===== GIVEN DATA

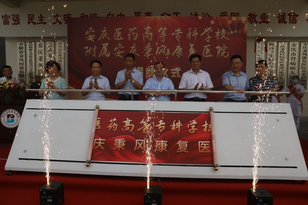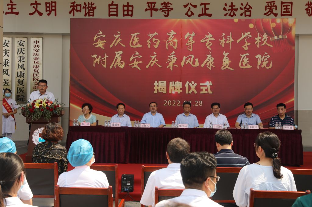 校院合作謀發展,攜手共建譜新篇!為深化醫教研協同創新,加強校院深度合作,7月28日上午,安慶秉風康復醫院成為我校非直屬附屬醫院揭牌簽約儀式隆重舉行。安慶市衛健委黨組成員王征兵,安徽省醫院協會社會辦醫療機構分會會長劉愛國、常務副會長陳根旺出席。校長姚文兵、副校長朱慶豐、校黨委委員朱雯,安慶秉風康復醫院院長陳付林以及學校相關人員和醫院員工代表參加揭牌儀式。
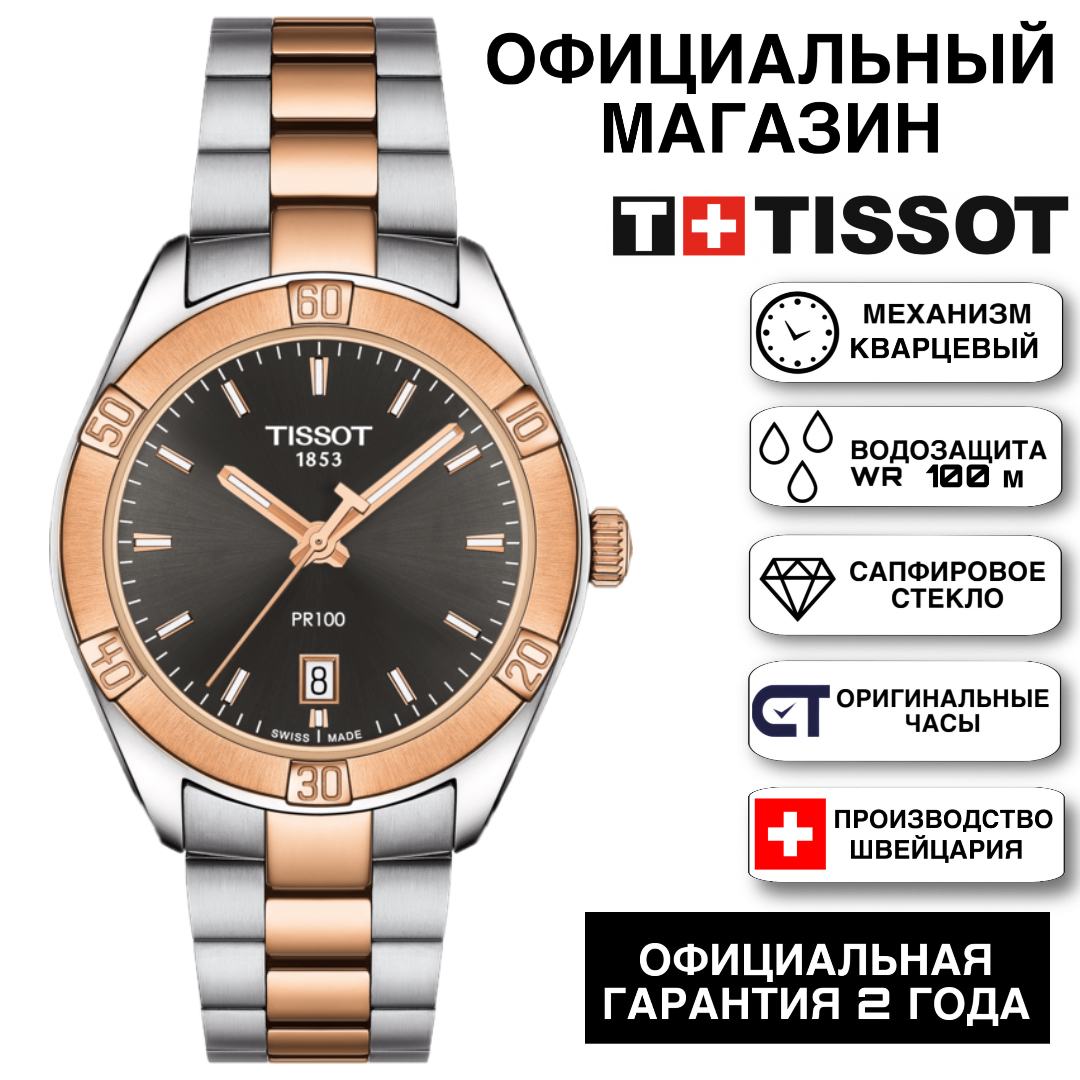 Элегантные женские часы из коллекции Tissot PR 100, сочетающие классический стиль и швейцарскую точность. Модель выполнена в универсальном двухцветном дизайне: корпус и браслет из нержавеющей стали дополнены покрытием цвета розового золота, что делает часы подходящими как для повседневного ношения, так и для более элегантных образов.
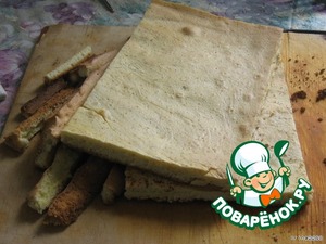 Готовый бисквит нарезать на произвольное количество частей (я немного передержала его в духовке, т. к. дочка мешала постоянно)

==========

TASK OBJECTIVE:
Return an exact transcription of the material, with its pictures left out.

RESPONSE AREA:
 校院合作謀發展,攜手共建譜新篇!為深化醫教研協同創新,加強校院深度合作,7月28日上午,安慶秉風康復醫院成為我校非直屬附屬醫院揭牌簽約儀式隆重舉行。安慶市衛健委黨組成員王征兵,安徽省醫院協會社會辦醫療機構分會會長劉愛國、常務副會長陳根旺出席。校長姚文兵、副校長朱慶豐、校黨委委員朱雯,安慶秉風康復醫院院長陳付林以及學校相關人員和醫院員工代表參加揭牌儀式。
 Элегантные женские часы из коллекции Tissot PR 100, сочетающие классический стиль и швейцарскую точность. Модель выполнена в универсальном двухцветном дизайне: корпус и браслет из нержавеющей стали дополнены покрытием цвета розового золота, что делает часы подходящими как для повседневного ношения, так и для более элегантных образов.
 Готовый бисквит нарезать на произвольное количество частей (я немного передержала его в духовке, т. к. дочка мешала постоянно)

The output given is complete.